Stored entries:
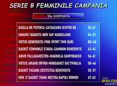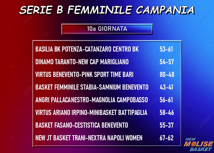 Torna a vincere Marigliano sul difficile campop della Dinamo Taranto e mantiene i due punti di vantaggio in classifica su Catanzaro, a sua volta vincente nell'anticipo giocato mercoledì 19 sul campo della Basilia Potenza, e Fasano, che supera in casa il fanalino di coda Cestistica Benevento. Ferme tante squadre che viaggiano nella metà di sinistra della graduatoria: sconfitte, infatti, oltre ad Angri e Taranto, anche la Napoli Women Basketball sul campo del Trani, che insieme alle due Virtus, Benevento ed Ariano Irpino, vincitrici rispettivamente su Bari e Battipaglia, agguanta le succitate Angri e Taranto. Bel passo in avanti della Magnolia, che si lascia alle spalle una Samnium Benevento in caduta libera, battuta ed agguantata dallo Stabia.
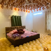 Turn any room into a dreamy celebration space with this elegant balloon decor setup. Featuring 100 rose gold chrome balloons suspended from the ceiling, with cascading silver ribbons, it creates a luxurious floating effect that instantly transforms the vibe. The floor is beautifully filled with 100 peach latex balloons, adding warmth and fullness to the setting. A Happy Anniversary or Happy Birthday banner completes the look, making it perfect for surprise celebrations, romantic moments, or intimate parties that deserve a soft, glowing, and memorable ambience.
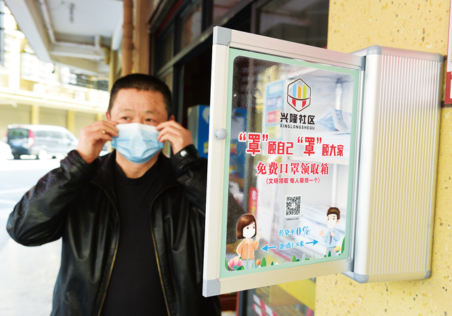 近日,浙江義烏福田街道興隆社區(qū)在轄區(qū)內(nèi)主干道出入口、人員密集的超市、藥店、快遞點(diǎn)等地設(shè)置免費(fèi)口罩領(lǐng)取箱,箱里放滿了口罩,箱體上寫著“文明領(lǐng)取,每人限領(lǐng)一個”?;顒娱_展半個月以來,6個免費(fèi)口罩領(lǐng)取箱共送出近6000個口罩。興隆社區(qū)黨委書記黃俊鋼表示,除了設(shè)立免費(fèi)口罩領(lǐng)取箱,社區(qū)還大力開展佩戴口罩勸導(dǎo)活動。(錢旭升)
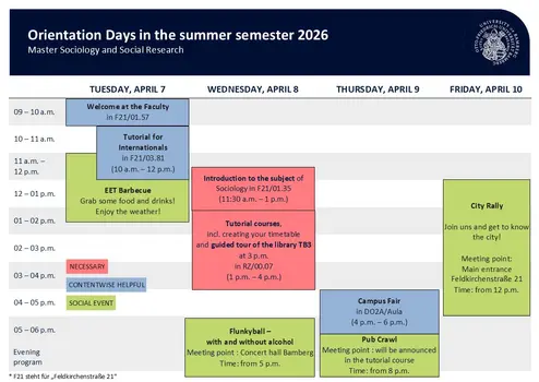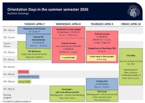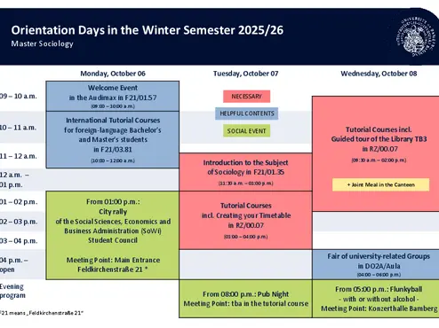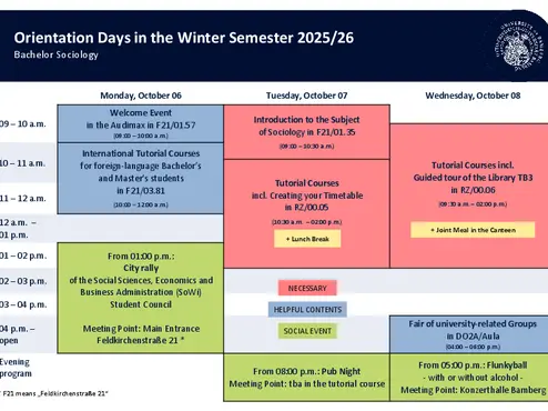 Every semester, one week before the start of the lecture period, the Orientation Days take place. In addition to general information about studying at the University of Bamberg, you will receive specific information about studying Sociology in Bamberg as part of an introduction to the subject and in the tutorial courses.
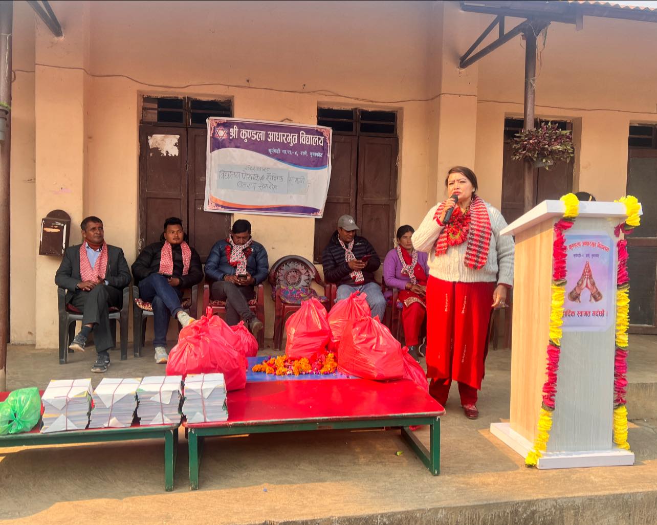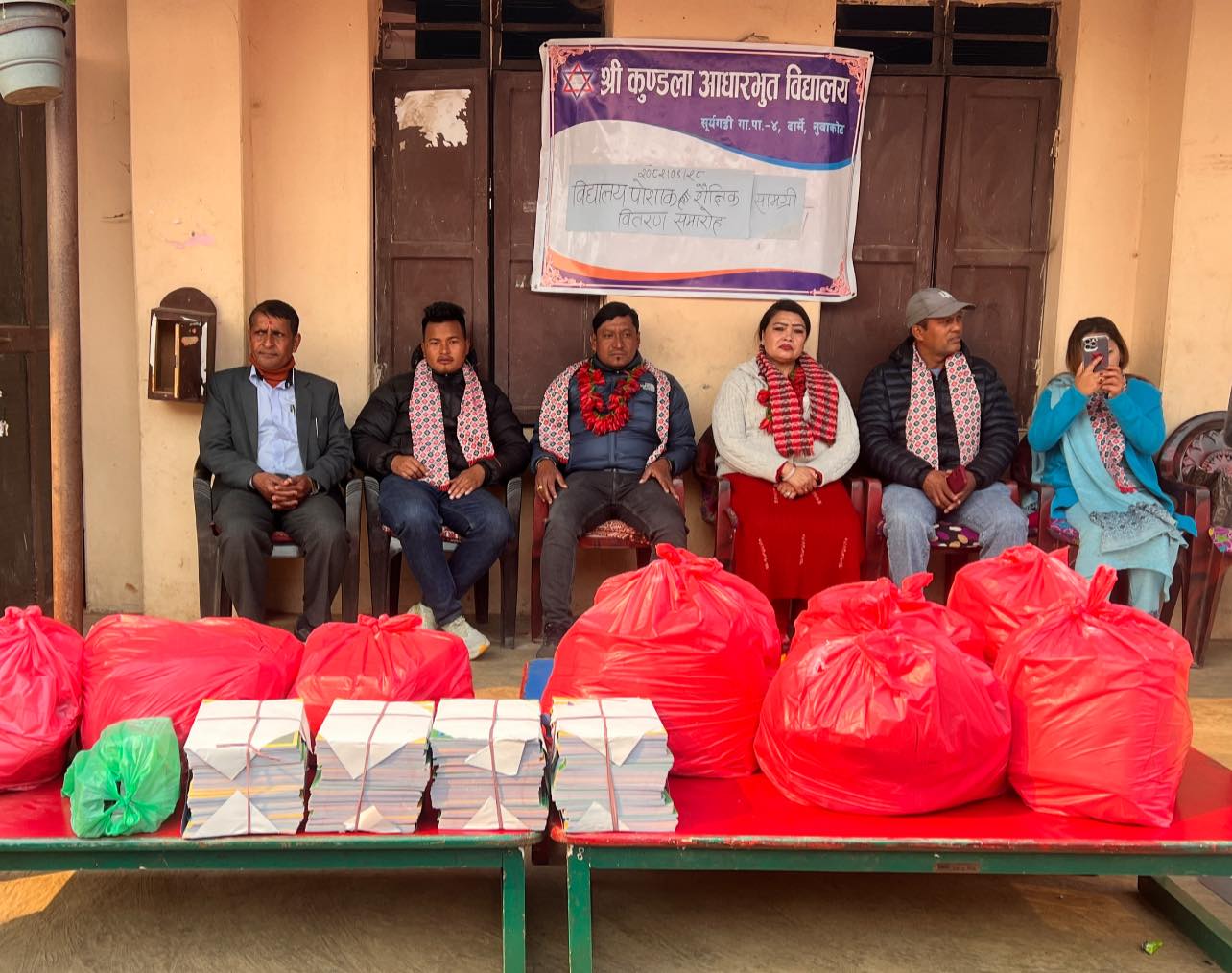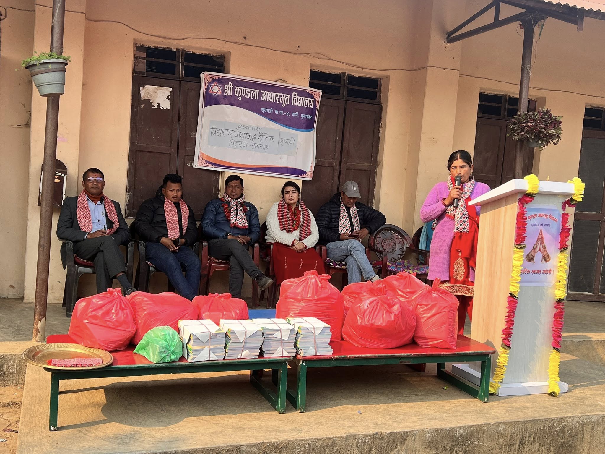 विद्यालयमा पुगेर गापा उपाध्यक्ष मन्जु बुढाथोकीढकाल, वडाध्यक्ष रामशरण राई, विद्यालयमा अध्यक्ष जुनील तामाङ, प्रअ प्रल्हाद भट्टराई, शिक्षक रमेश गिरी, शिक्षाप्रेमीहरुले पोशाक तथा शैक्षिक सामग्रीहरु विद्यार्थीहरुलाई हस्तान्तरण गरेका हुन् । यसवाट विद्यार्थीहरुलाई जाडोयाममा सहजता र सुविधा पुगेको जनाइएको छ ।
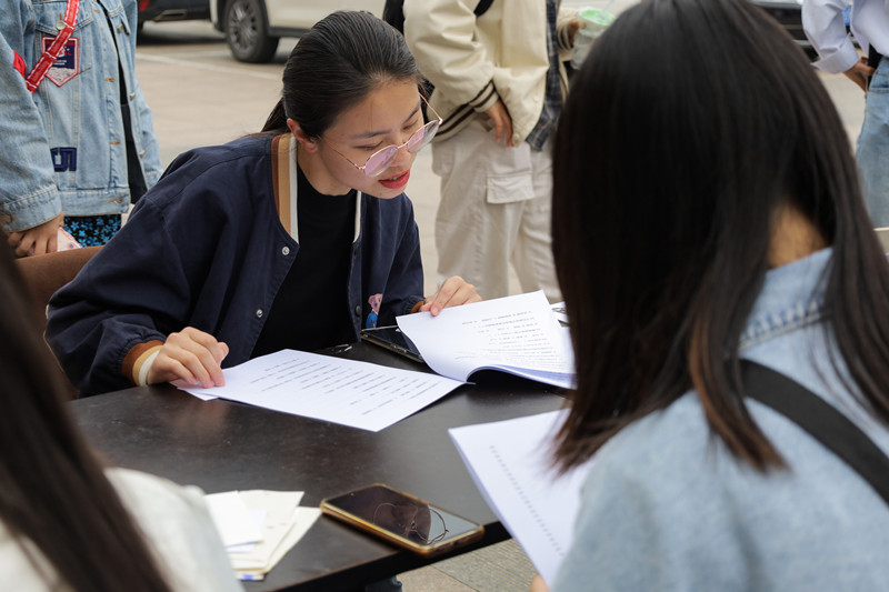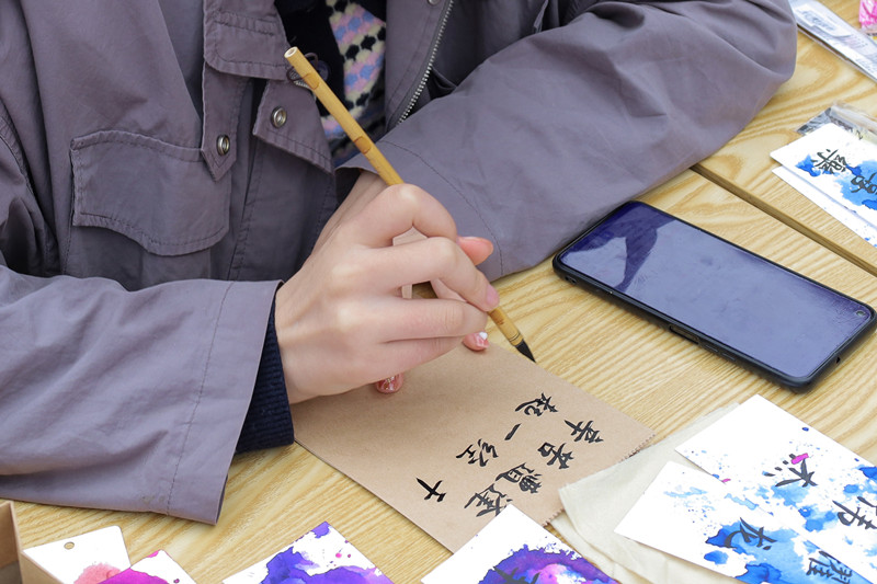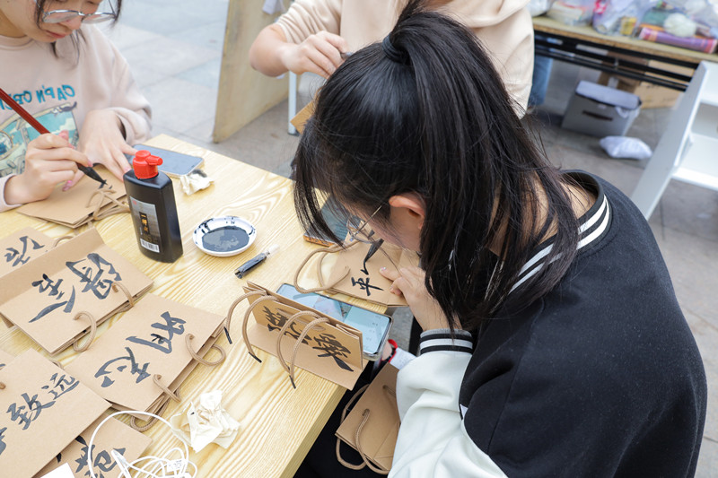 “担当,勤学,初心,笃志……”在活动现场,计算机科学与技术专业2020(4)班张文丹“现炒现卖”,挥笔在纸袋、卡片、木扇上写下一个个词语,并将其作为奖品送出。“我们书法部和绘画部在活动中交流、合作,每个理事各司其职,一起努力把活动做好。即使有些辛苦,但更多的是收获了满满的快乐和成就感。”她表示,自己的作品能受到众多同学的喜欢,感到十分自豪与荣幸,今后仍会积极参与类似活动,给大家带来欢乐。
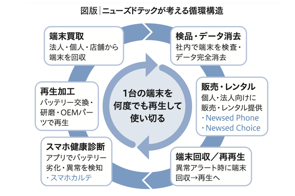 社会に不可欠な存在でありながら、消耗品のように扱われているデジタルデバイス。そこに新たな価値を再定義し、持続可能な社会へつなげていこうとしている企業がある。中古スマートフォンを、バッテリー交換や独自の研磨技術によって“新品同様”に再生して販売するニューズドテックだ。単なるリユースに留まらず、「エイジングケア」という新たなアプローチで価値創造に取り組む同社のビジネスモデルに着目した。
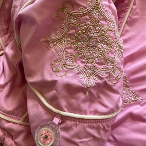 Excellent used condition, so many great details, beautiful embroidery all over the jacket, printed fabric lined detachable hood with faux fur trim, mitten clips can be tucked in or left out, stretchy cuffs with sticky closure to keep out snow, a compass and pretty zipper pull. This jacket is gorgeous, will keep your little one warm and stylist, they grow so fast why pay full price!
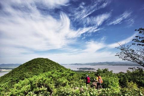 ↑ [월간산]태풍이 지나가자 새 세상이 열렸다. 한낮에는 뜨거운 햇살이 작열했다. 해질녘이 되자 온 세상이 맑은 기운이 넘쳤다. 문수산 정상에서 염하 건너 강화를 바라보고 있다. |
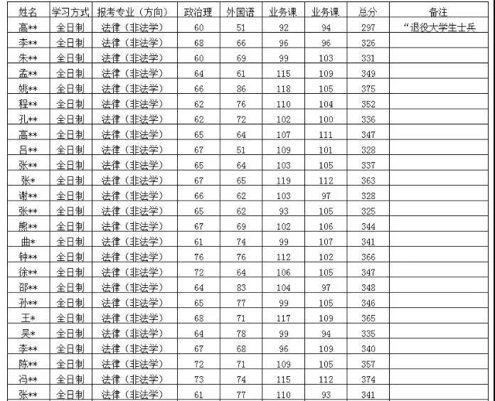 最高分 375 分;最終普通計劃錄取 68 人,2 士兵 1 少干全部錄取;非全日制進入復試一志愿 5 人,最終錄取 5 人。
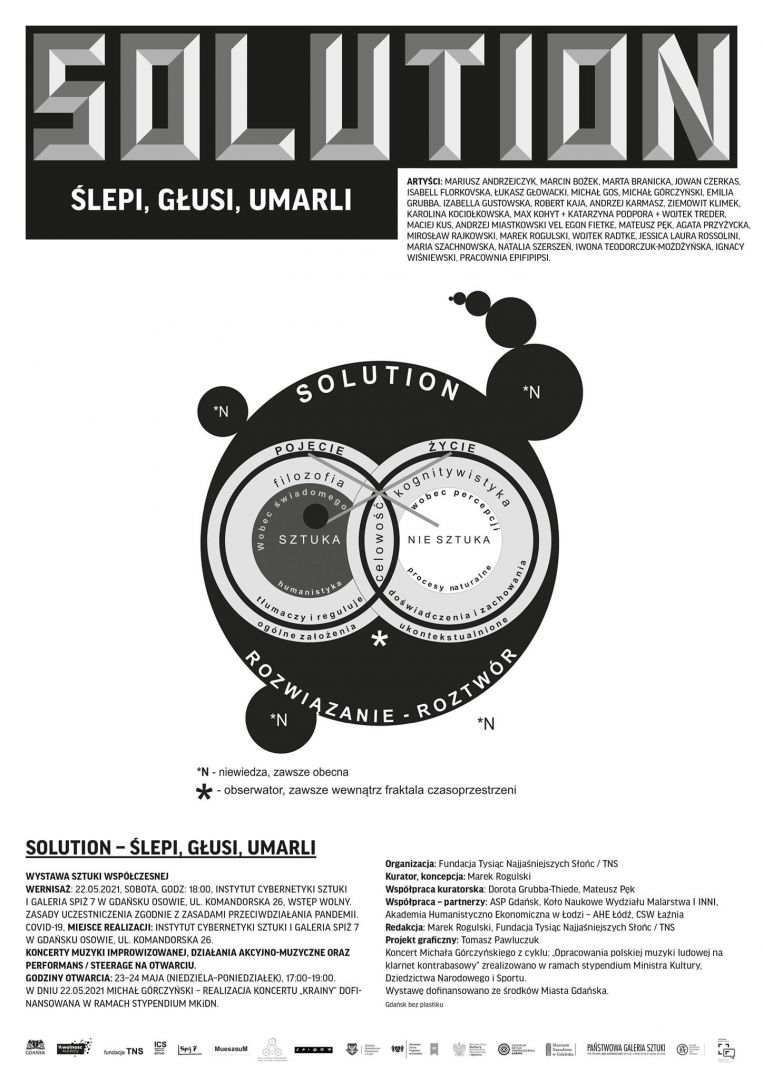 Angielskie słowo „Solution” oznacza rozwiązanie (odpowiedź na problem) ale także i roztwór, rozłączenie. Działalność artystyczna mierzyć się musi z trudnościami natury psychologicznej i epistemologicznej.

__Problem statement__: Your reply should restate the data above word for word and contain no pictures.

__Solution for this problem__:
 Torna a vincere Marigliano sul difficile campop della Dinamo Taranto e mantiene i due punti di vantaggio in classifica su Catanzaro, a sua volta vincente nell'anticipo giocato mercoledì 19 sul campo della Basilia Potenza, e Fasano, che supera in casa il fanalino di coda Cestistica Benevento. Ferme tante squadre che viaggiano nella metà di sinistra della graduatoria: sconfitte, infatti, oltre ad Angri e Taranto, anche la Napoli Women Basketball sul campo del Trani, che insieme alle due Virtus, Benevento ed Ariano Irpino, vincitrici rispettivamente su Bari e Battipaglia, agguanta le succitate Angri e Taranto. Bel passo in avanti della Magnolia, che si lascia alle spalle una Samnium Benevento in caduta libera, battuta ed agguantata dallo Stabia.
 Turn any room into a dreamy celebration space with this elegant balloon decor setup. Featuring 100 rose gold chrome balloons suspended from the ceiling, with cascading silver ribbons, it creates a luxurious floating effect that instantly transforms the vibe. The floor is beautifully filled with 100 peach latex balloons, adding warmth and fullness to the setting. A Happy Anniversary or Happy Birthday banner completes the look, making it perfect for surprise celebrations, romantic moments, or intimate parties that deserve a soft, glowing, and memorable ambience.
 近日,浙江義烏福田街道興隆社區(qū)在轄區(qū)內(nèi)主干道出入口、人員密集的超市、藥店、快遞點(diǎn)等地設(shè)置免費(fèi)口罩領(lǐng)取箱,箱里放滿了口罩,箱體上寫著“文明領(lǐng)取,每人限領(lǐng)一個”?;顒娱_展半個月以來,6個免費(fèi)口罩領(lǐng)取箱共送出近6000個口罩。興隆社區(qū)黨委書記黃俊鋼表示,除了設(shè)立免費(fèi)口罩領(lǐng)取箱,社區(qū)還大力開展佩戴口罩勸導(dǎo)活動。(錢旭升)
 Every semester, one week before the start of the lecture period, the Orientation Days take place. In addition to general information about studying at the University of Bamberg, you will receive specific information about studying Sociology in Bamberg as part of an introduction to the subject and in the tutorial courses.
 विद्यालयमा पुगेर गापा उपाध्यक्ष मन्जु बुढाथोकीढकाल, वडाध्यक्ष रामशरण राई, विद्यालयमा अध्यक्ष जुनील तामाङ, प्रअ प्रल्हाद भट्टराई, शिक्षक रमेश गिरी, शिक्षाप्रेमीहरुले पोशाक तथा शैक्षिक सामग्रीहरु विद्यार्थीहरुलाई हस्तान्तरण गरेका हुन् । यसवाट विद्यार्थीहरुलाई जाडोयाममा सहजता र सुविधा पुगेको जनाइएको छ ।
 “担当,勤学,初心,笃志……”在活动现场,计算机科学与技术专业2020(4)班张文丹“现炒现卖”,挥笔在纸袋、卡片、木扇上写下一个个词语,并将其作为奖品送出。“我们书法部和绘画部在活动中交流、合作,每个理事各司其职,一起努力把活动做好。即使有些辛苦,但更多的是收获了满满的快乐和成就感。”她表示,自己的作品能受到众多同学的喜欢,感到十分自豪与荣幸,今后仍会积极参与类似活动,给大家带来欢乐。
 社会に不可欠な存在でありながら、消耗品のように扱われているデジタルデバイス。そこに新たな価値を再定義し、持続可能な社会へつなげていこうとしている企業がある。中古スマートフォンを、バッテリー交換や独自の研磨技術によって“新品同様”に再生して販売するニューズドテックだ。単なるリユースに留まらず、「エイジングケア」という新たなアプローチで価値創造に取り組む同社のビジネスモデルに着目した。
 Excellent used condition, so many great details, beautiful embroidery all over the jacket, printed fabric lined detachable hood with faux fur trim, mitten clips can be tucked in or left out, stretchy cuffs with sticky closure to keep out snow, a compass and pretty zipper pull. This jacket is gorgeous, will keep your little one warm and stylist, they grow so fast why pay full price!
 ↑ [월간산]태풍이 지나가자 새 세상이 열렸다. 한낮에는 뜨거운 햇살이 작열했다. 해질녘이 되자 온 세상이 맑은 기운이 넘쳤다. 문수산 정상에서 염하 건너 강화를 바라보고 있다. |
 最高分 375 分;最終普通計劃錄取 68 人,2 士兵 1 少干全部錄取;非全日制進入復試一志愿 5 人,最終錄取 5 人。
 Angielskie słowo „Solution” oznacza rozwiązanie (odpowiedź na problem) ale także i roztwór, rozłączenie. Działalność artystyczna mierzyć się musi z trudnościami natury psychologicznej i epistemologicznej.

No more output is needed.